Ross Gwinn

No. 62
- Position: Guard

Personal information
- Born: July 25, 1944 Deport, Texas, U.S.
- Died: February 2, 2016 (aged 71) Natchitoches, Louisiana, U.S.
- Listed height: 6 ft 3 in (1.91 m)
- Listed weight: 272 lb (123 kg)

Career information
- High school: Natchitoches Central
- College: Northwestern State
- NFL draft: 1967: undrafted

Career history
- Baltimore Colts (1967)*; New Orleans Saints (1968–1969); Edmonton Eskimos (1971);
- * Offseason or practice squad member only

Career NFL statistics
- Games played: 2
- Games started: 0
- Stats at Pro Football Reference

= Ross Gwinn =

American football player (1944–2016)

Charles Ross Gwinn (July 25, 1944 – February 2, 2016) is an American former professional football player who was a guard for the New Orleans Saints of National Football League (NFL). He played college football for the Northwestern State University.

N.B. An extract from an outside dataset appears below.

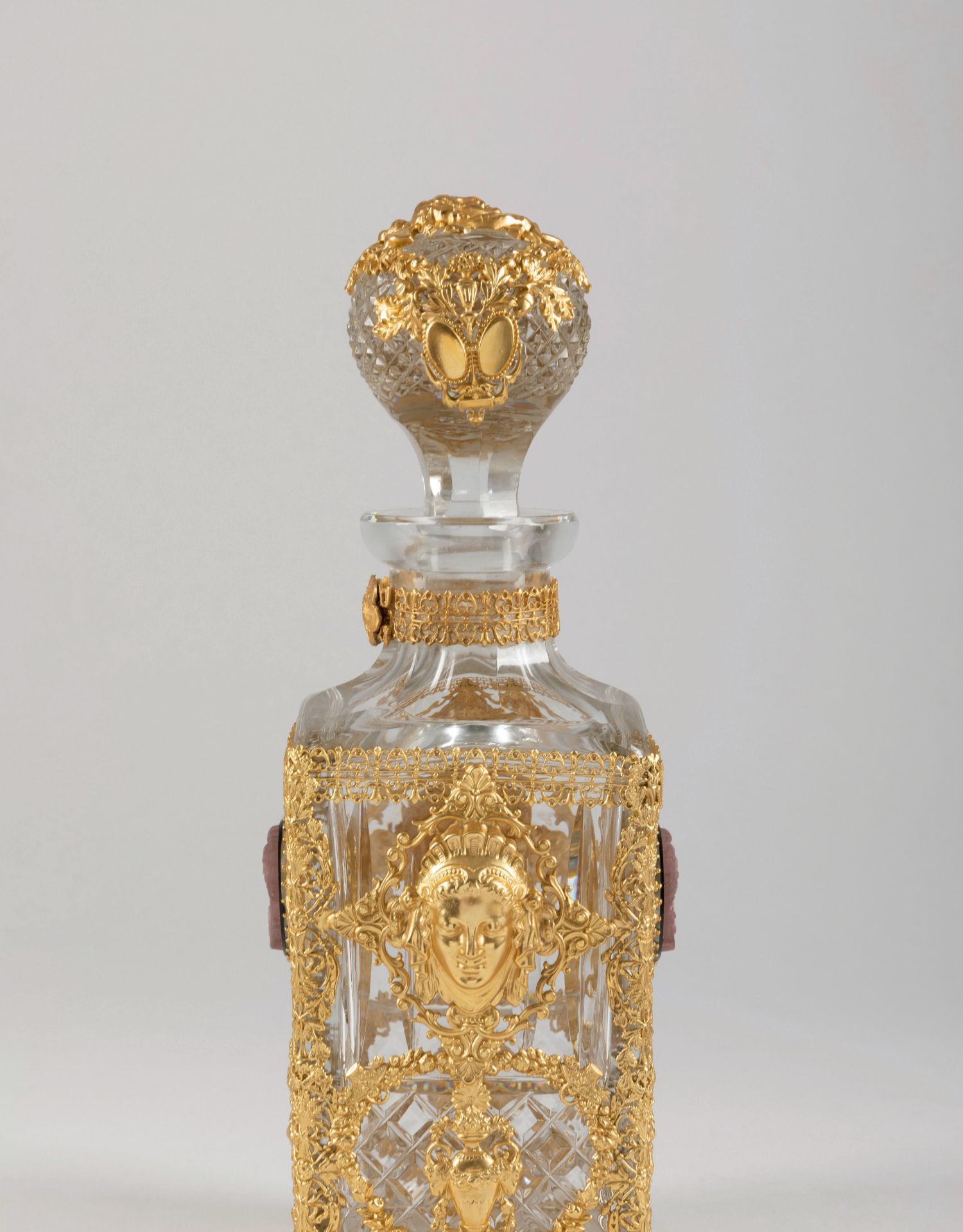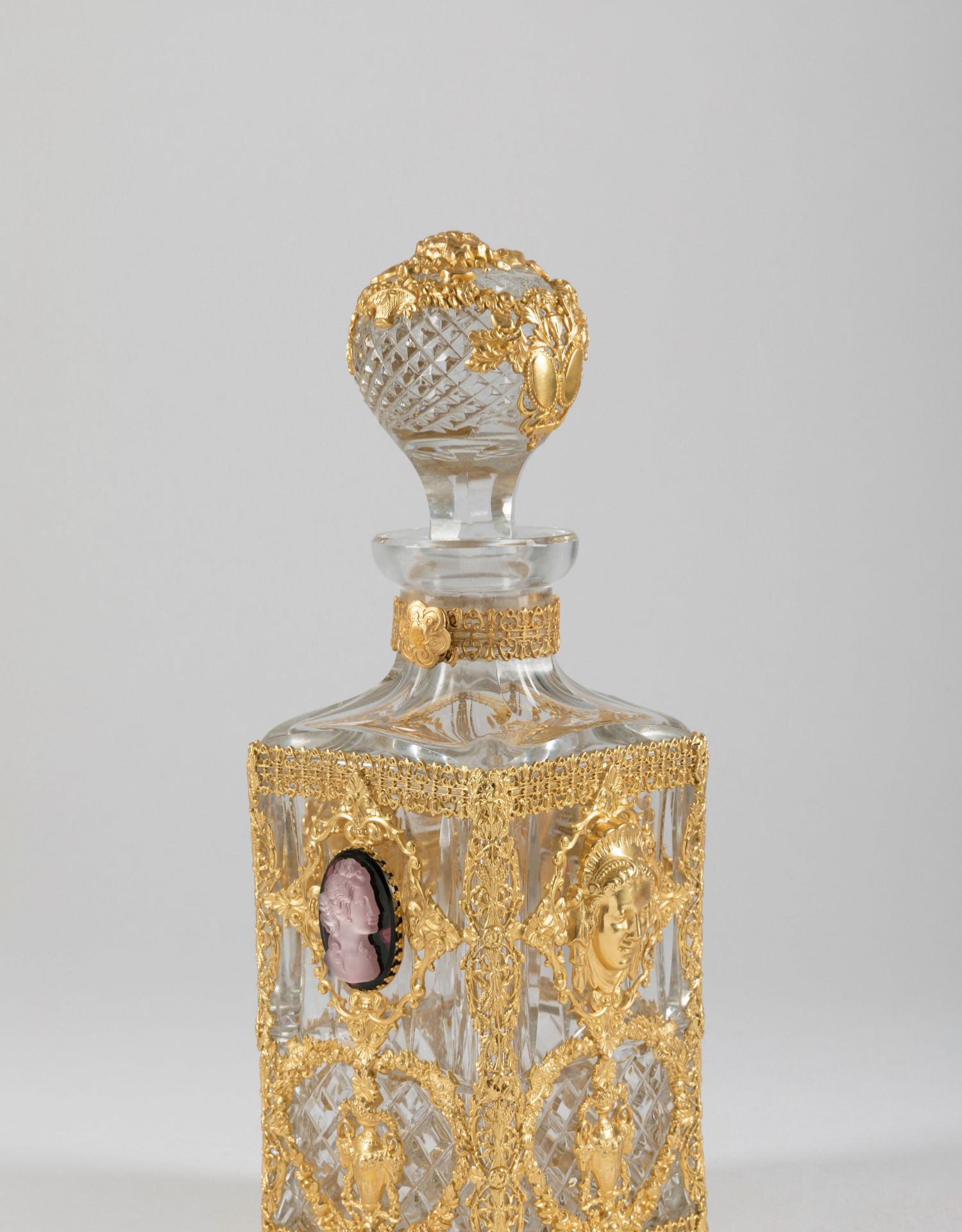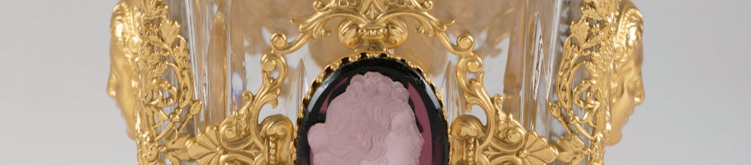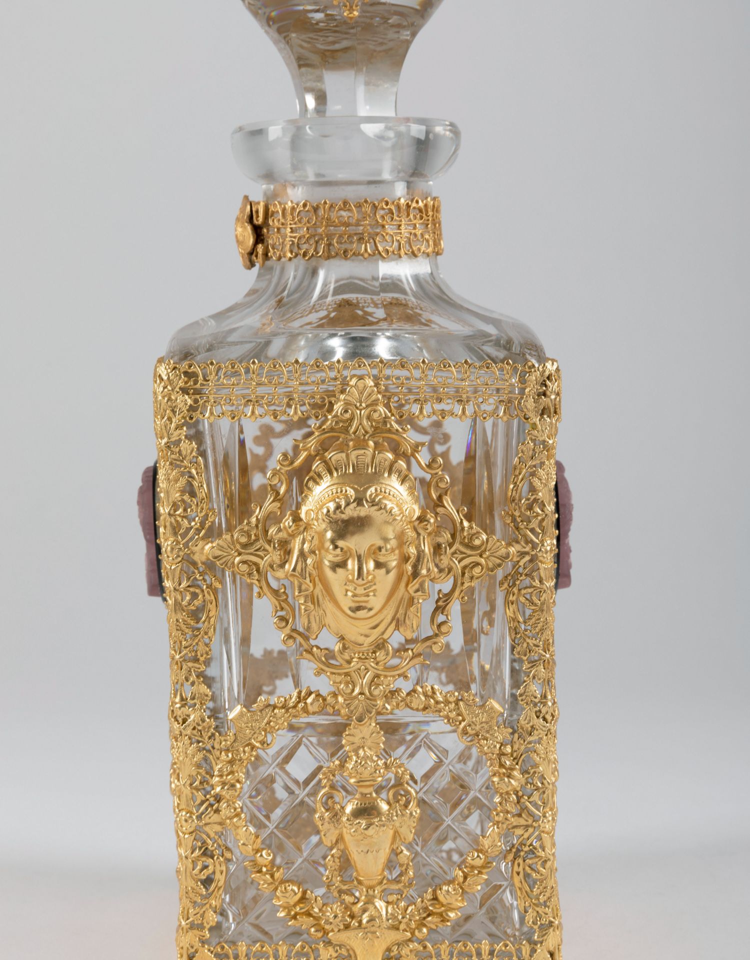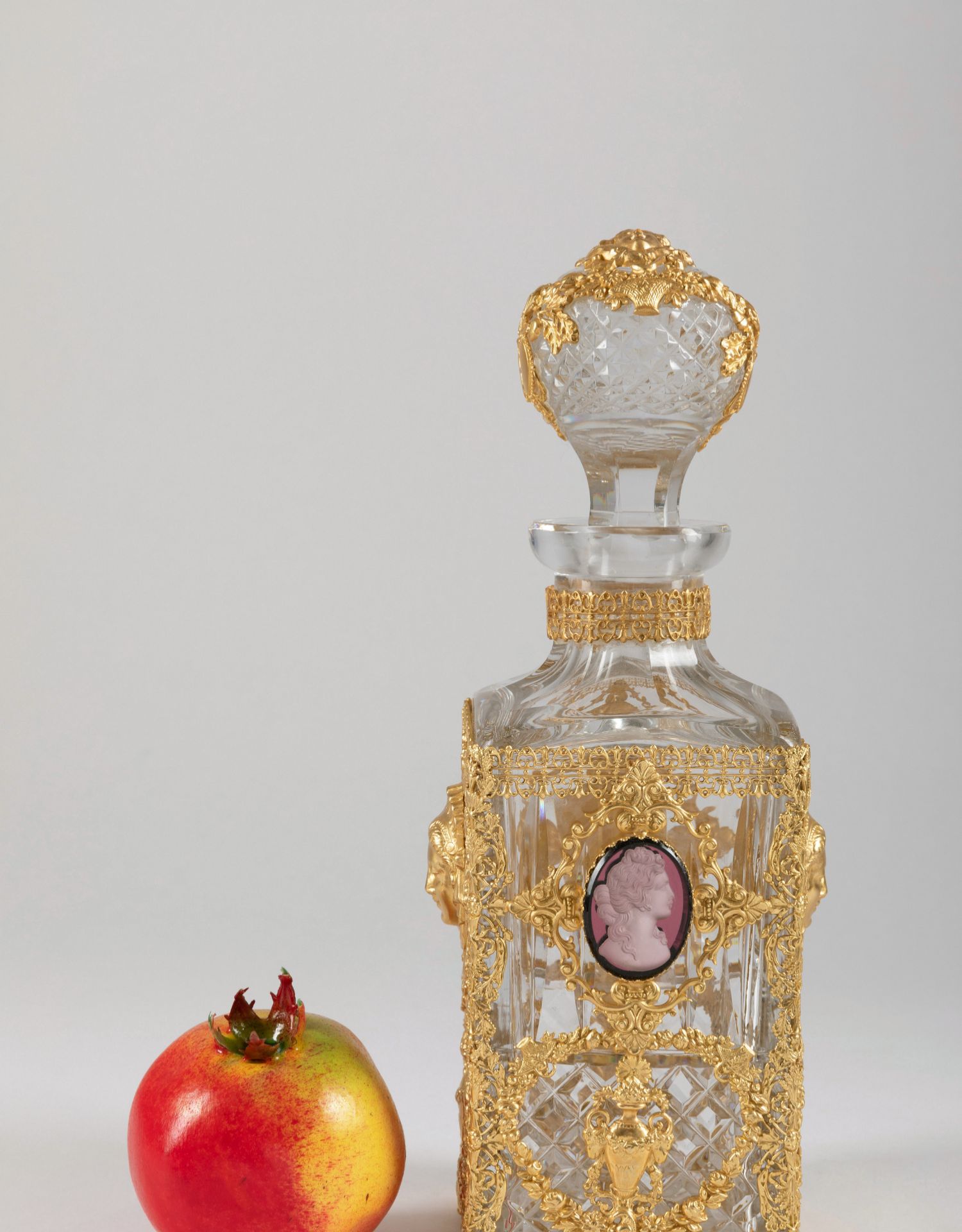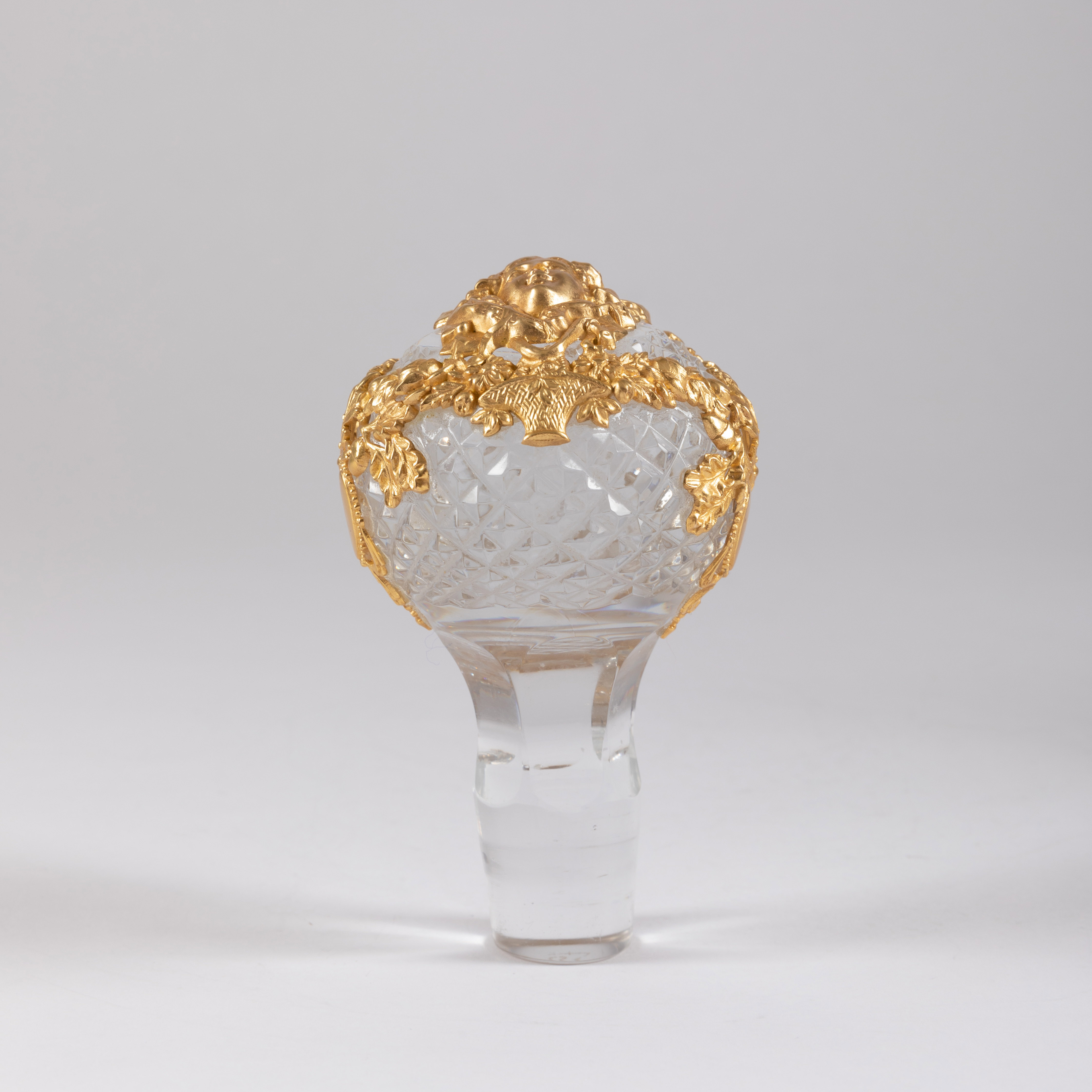 独角鹿西洋古董路易十六风淡紫色卡梅奥铜鎏金镶嵌雕刻水晶香水瓶

He was originally signed by the Baltimore Colts in 1967 after going undrafted and was assigned to the Colts' taxi squad. After spending the entire 1967 season on the Colts' taxi squad, he was released by the Colts in 1968 and signed with the Saints. He spent much of the 1968 season on the Saints' taxi squad but did play in two games for the Saints. He was cut by the Saints prior to the 1969 season.

In 1971 he signed to play with the Edmonton Eskimos of the Canadian Football League and served as their starting right guard that season.